📱

Deep Dives

A Conceptual Model for Storage Unification (16 minute read)

Storage unification is becoming increasingly important as object storage dominates, though hot data still requires low-latency solutions. Architectural choices in the tiering approach, virtualization layer, and access method all involve tradeoffs. Shared tiering can reduce duplication (and system cost) but requires strict coordination, ownership, and lifecycle governance to avoid becoming a liability. Materialization, grounded in decades of proven practice, remains the simpler and more reliable approach.

Datadog's Rust-Based Timeseries Engine: Throttling Under Heavy Load (10 minute read)

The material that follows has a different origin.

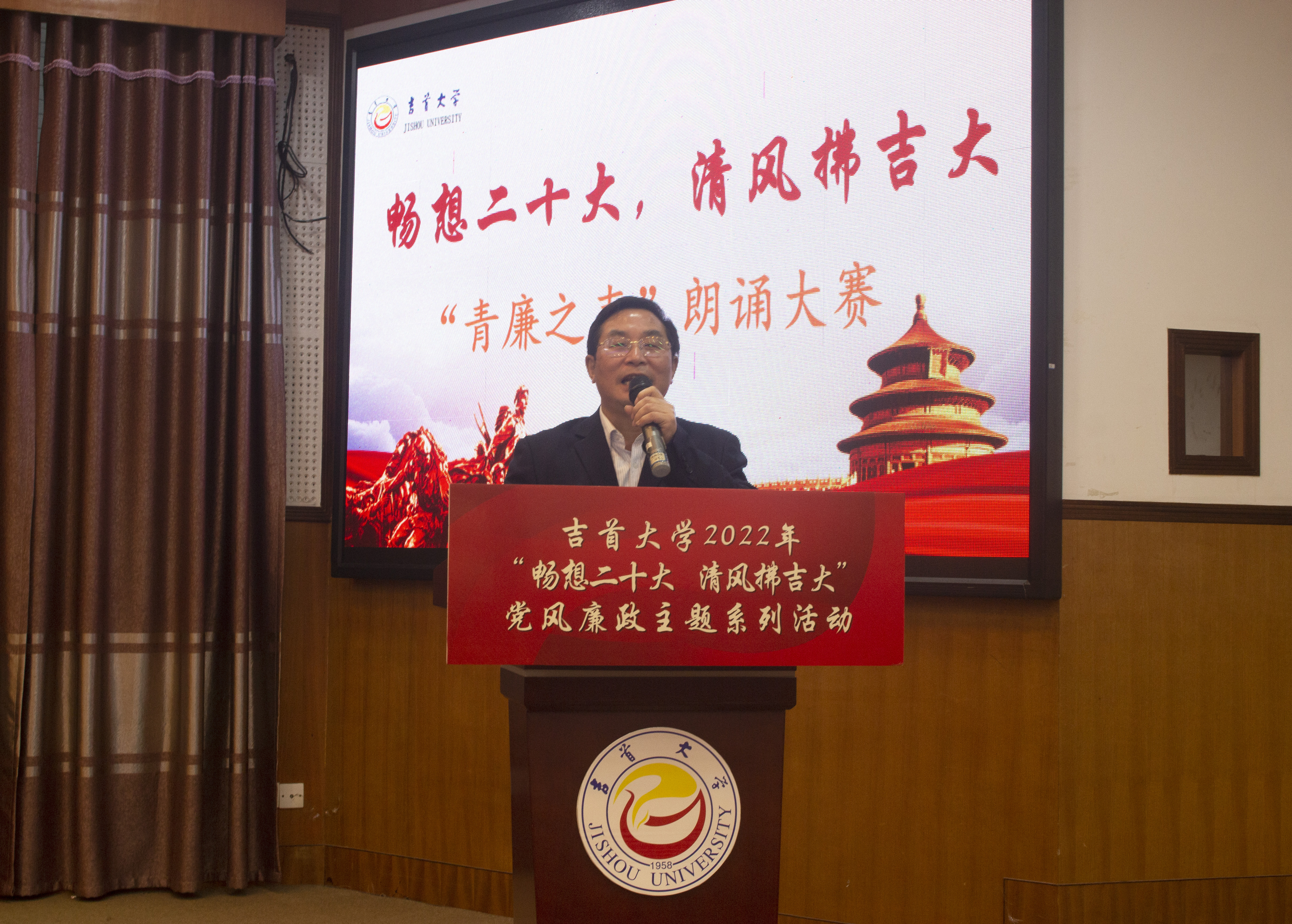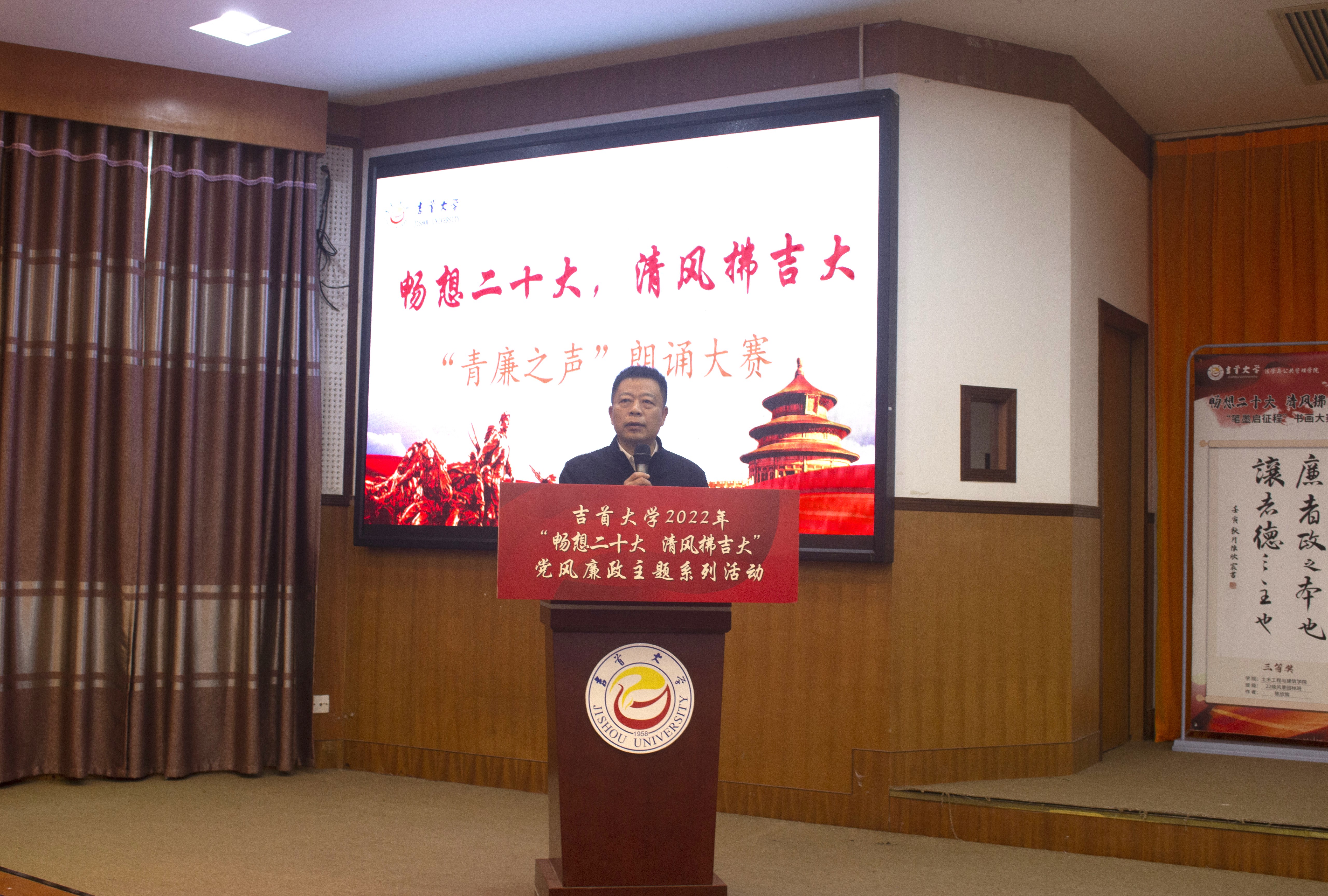 党委委员、宣传部部长罗惠缙总结发言,他表示本次活动以新颖的方式将诗、书、画融入廉洁之中,形式丰富多样,参与度高、覆盖面全。他寄语吉大学子坚持党的光荣传统和工作作风,做清廉的忠实践行者。
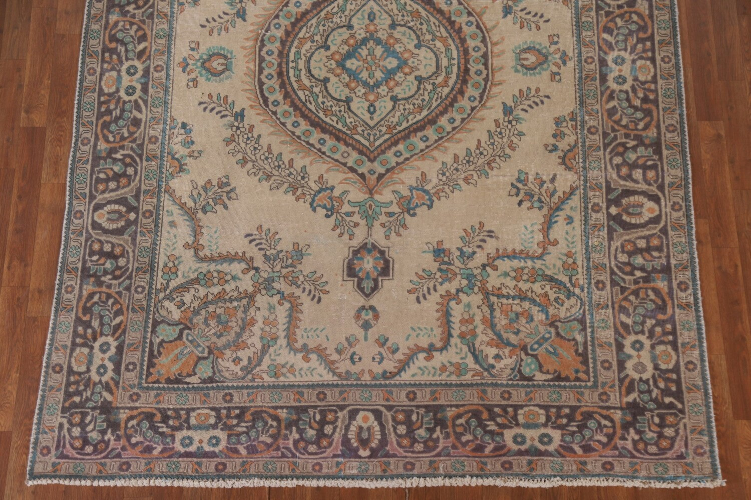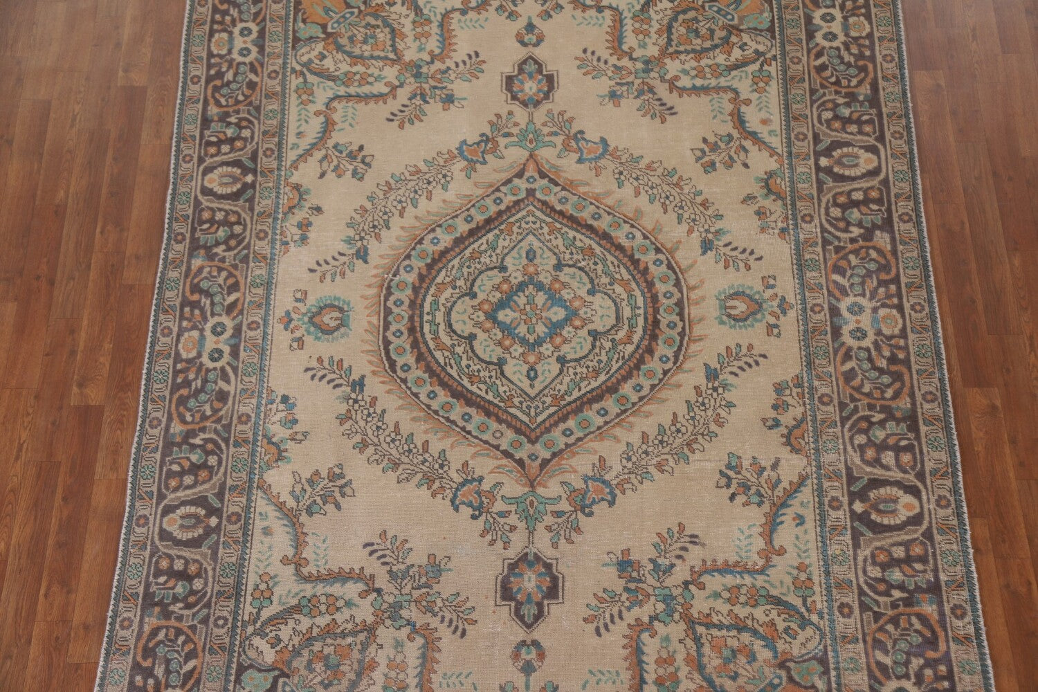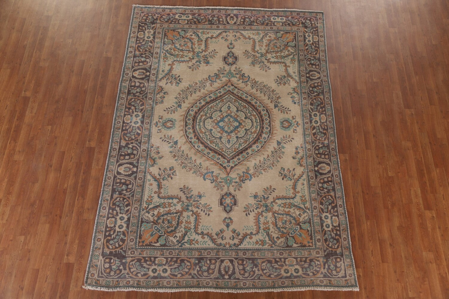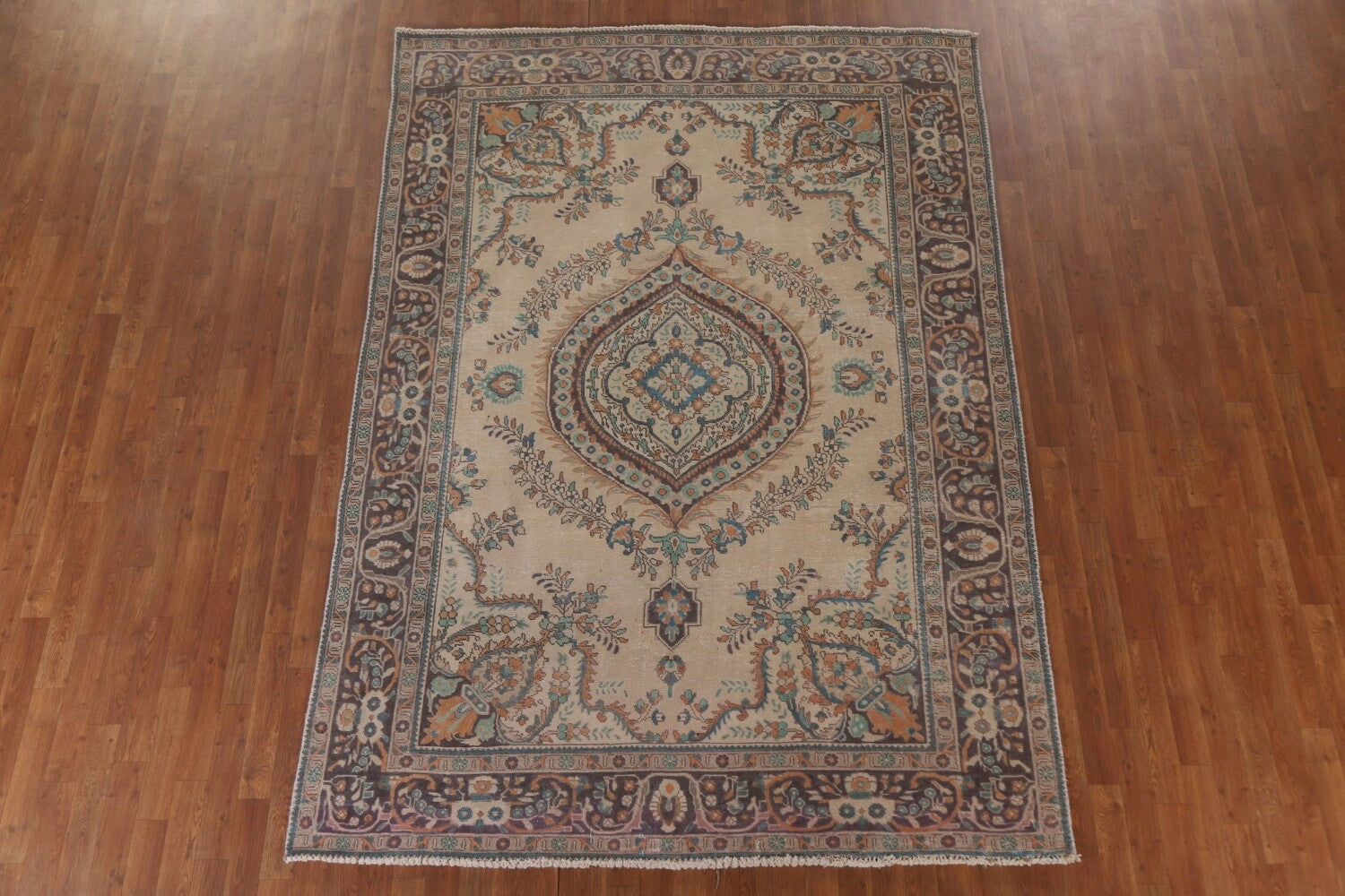 Distressed Wool Tabriz Persian Area Rug 7x10

Datadog's new timeseries engine, built in Rust, achieves major performance gains versus its previous Go and RocksDB-based implementation (60x faster ingestion and 5x faster queries) using a shard‑per‑core architecture and modular LSM-tree storage. Despite perfect sharding, surge traffic or complex queries can push nodes to their limits. To stay robust, Datadog implemented permit-based throttling, shedding or rejecting workloads when metrics like ingestion lag, memory usage, and concurrent query count cross thresholds.

How Fresha Accidentally Became one of UK's First StarRocks Production Pioneer (11 minute read)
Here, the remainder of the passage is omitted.